PROBLEM DETAILS> Return the listing that follows exactly, with no pictures included.

DATA PROVIDED>
------
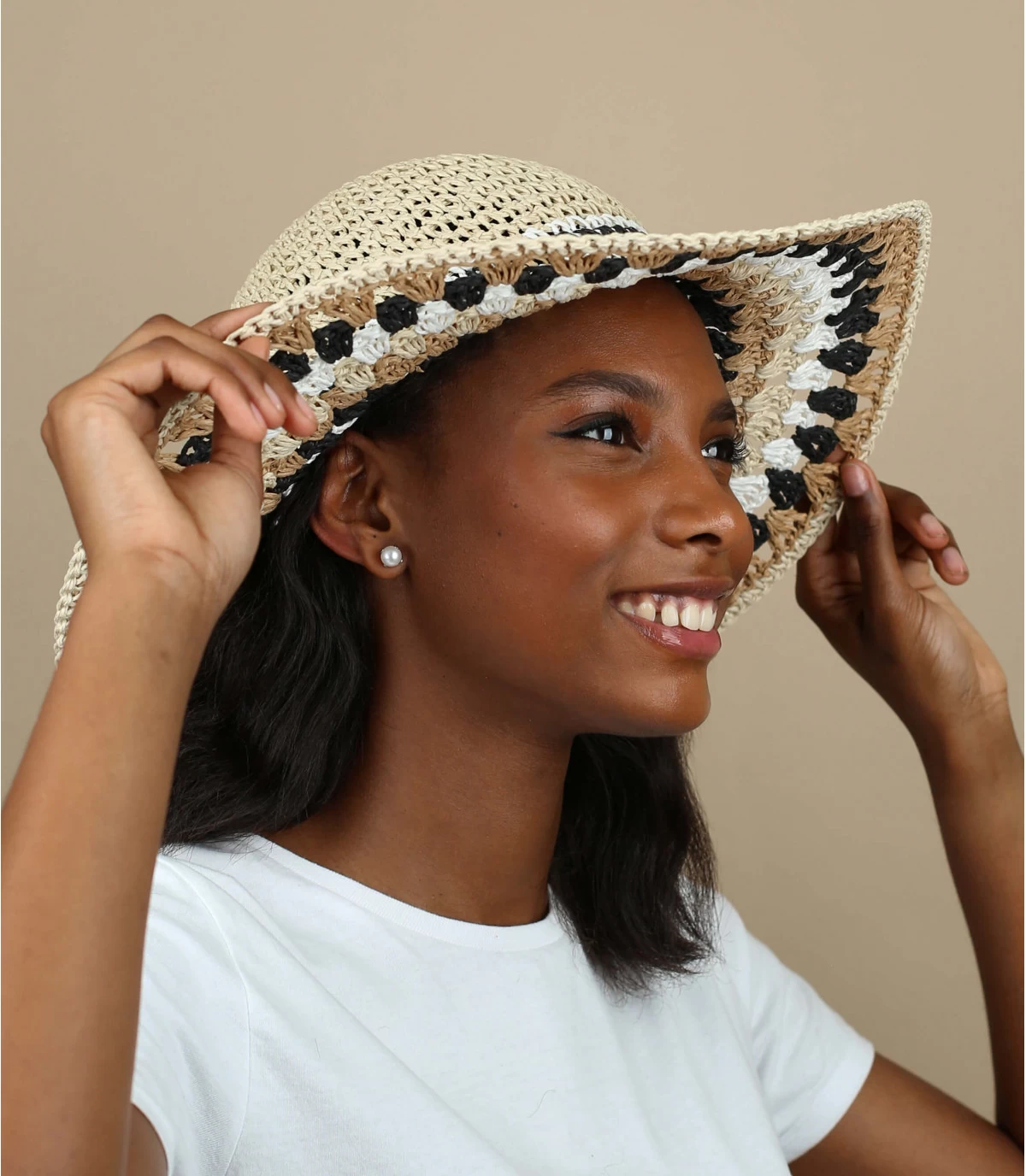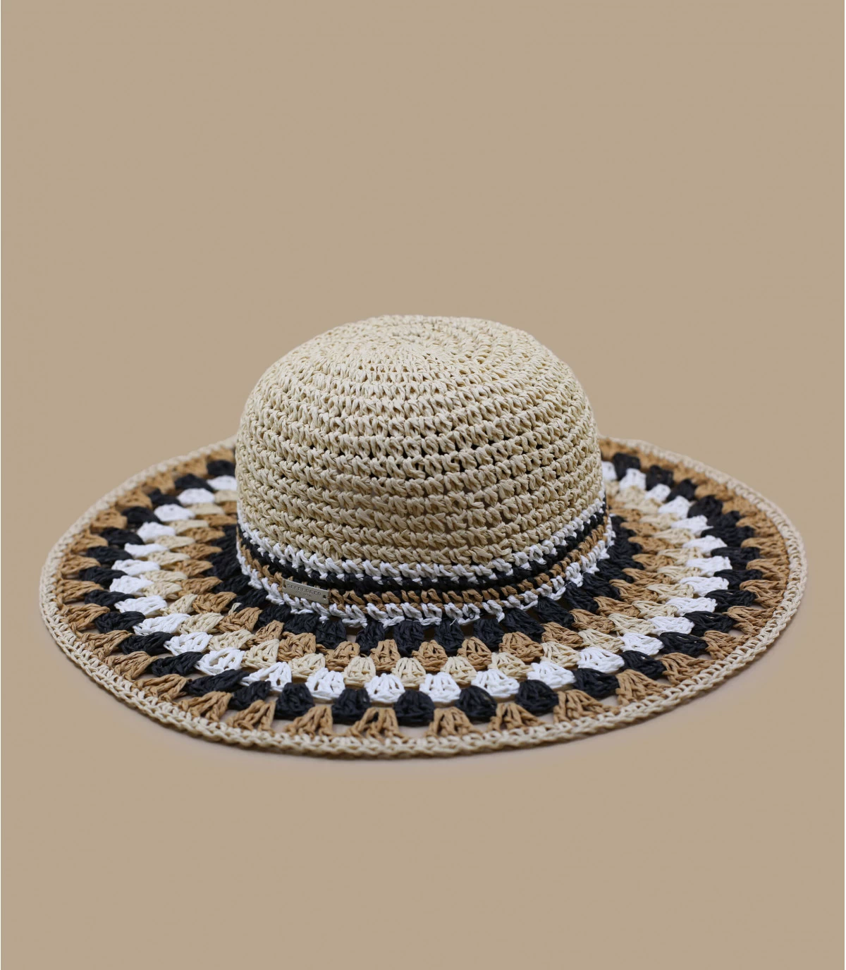 Entspannen Sie sich unbeschwert in der Sonne mit diesem eleganten Schlapphut aus Stroh. Sein weiches Geflecht ist atmungsaktiv und hat ein Zopfmuster in den Farben Braun, Weiß, Beige und Schwarz. Dieser Sommerhut ist das ideale Modell, um Sie bei langen Sonnenbädern zu schützen.
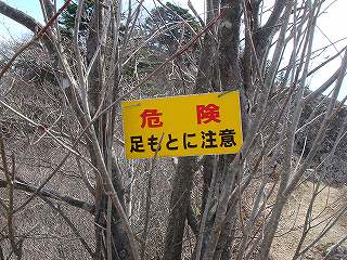 やがて下の注意看板を見たら、その先に 難しい岩場があります。
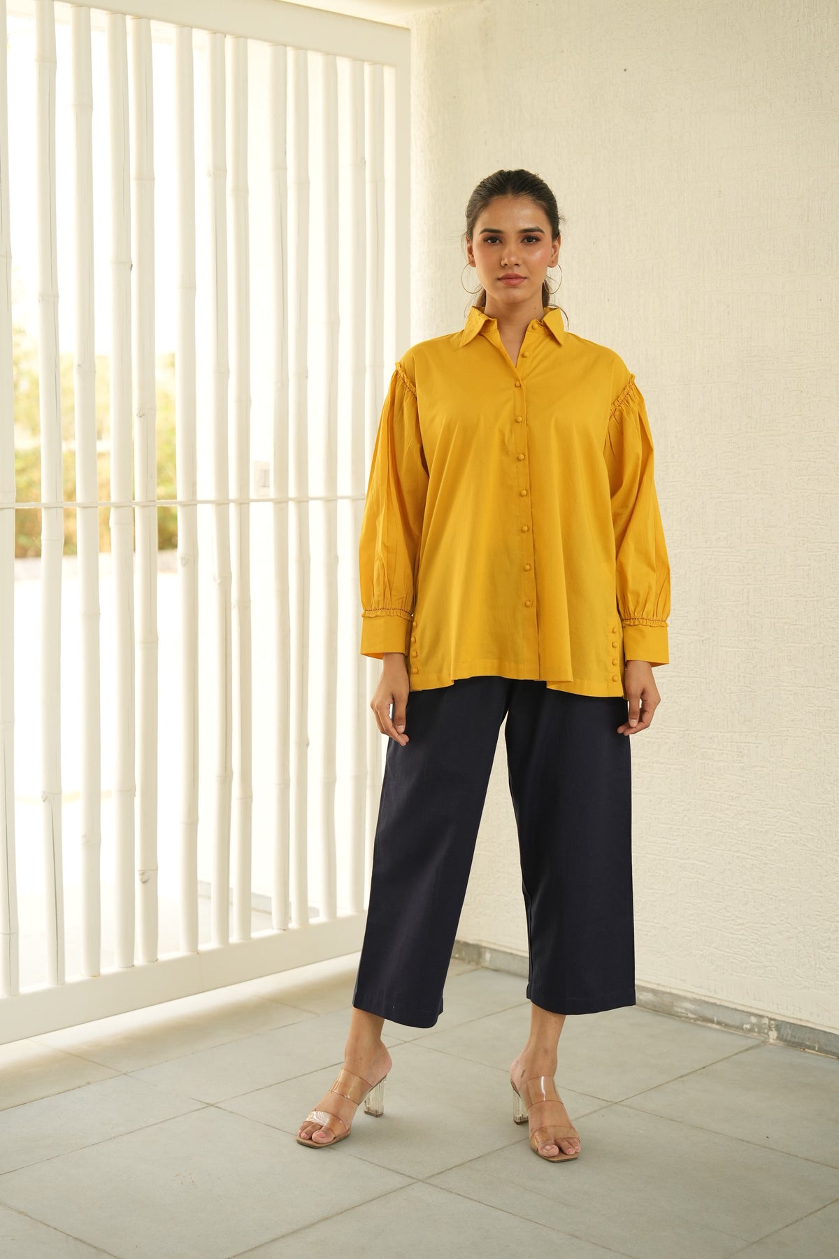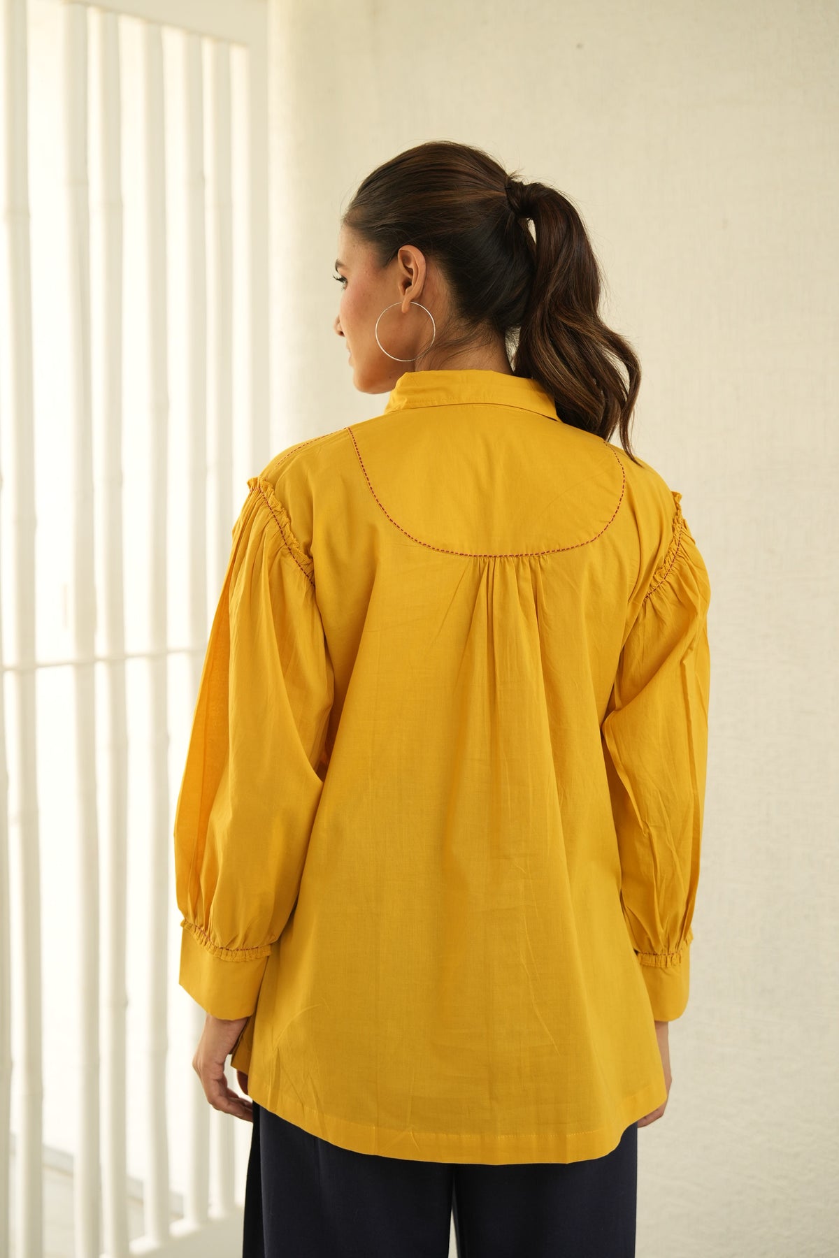 Saral Mustard Gathered Sleeve Cotton Top | Ray-ethnic
------
ANSWER AREA>
 Entspannen Sie sich unbeschwert in der Sonne mit diesem eleganten Schlapphut aus Stroh. Sein weiches Geflecht ist atmungsaktiv und hat ein Zopfmuster in den Farben Braun, Weiß, Beige und Schwarz. Dieser Sommerhut ist das ideale Modell, um Sie bei langen Sonnenbädern zu schützen.
 やがて下の注意看板を見たら、その先に 難しい岩場があります。
 Saral Mustard Gathered Sleeve Cotton Top | Ray-ethnic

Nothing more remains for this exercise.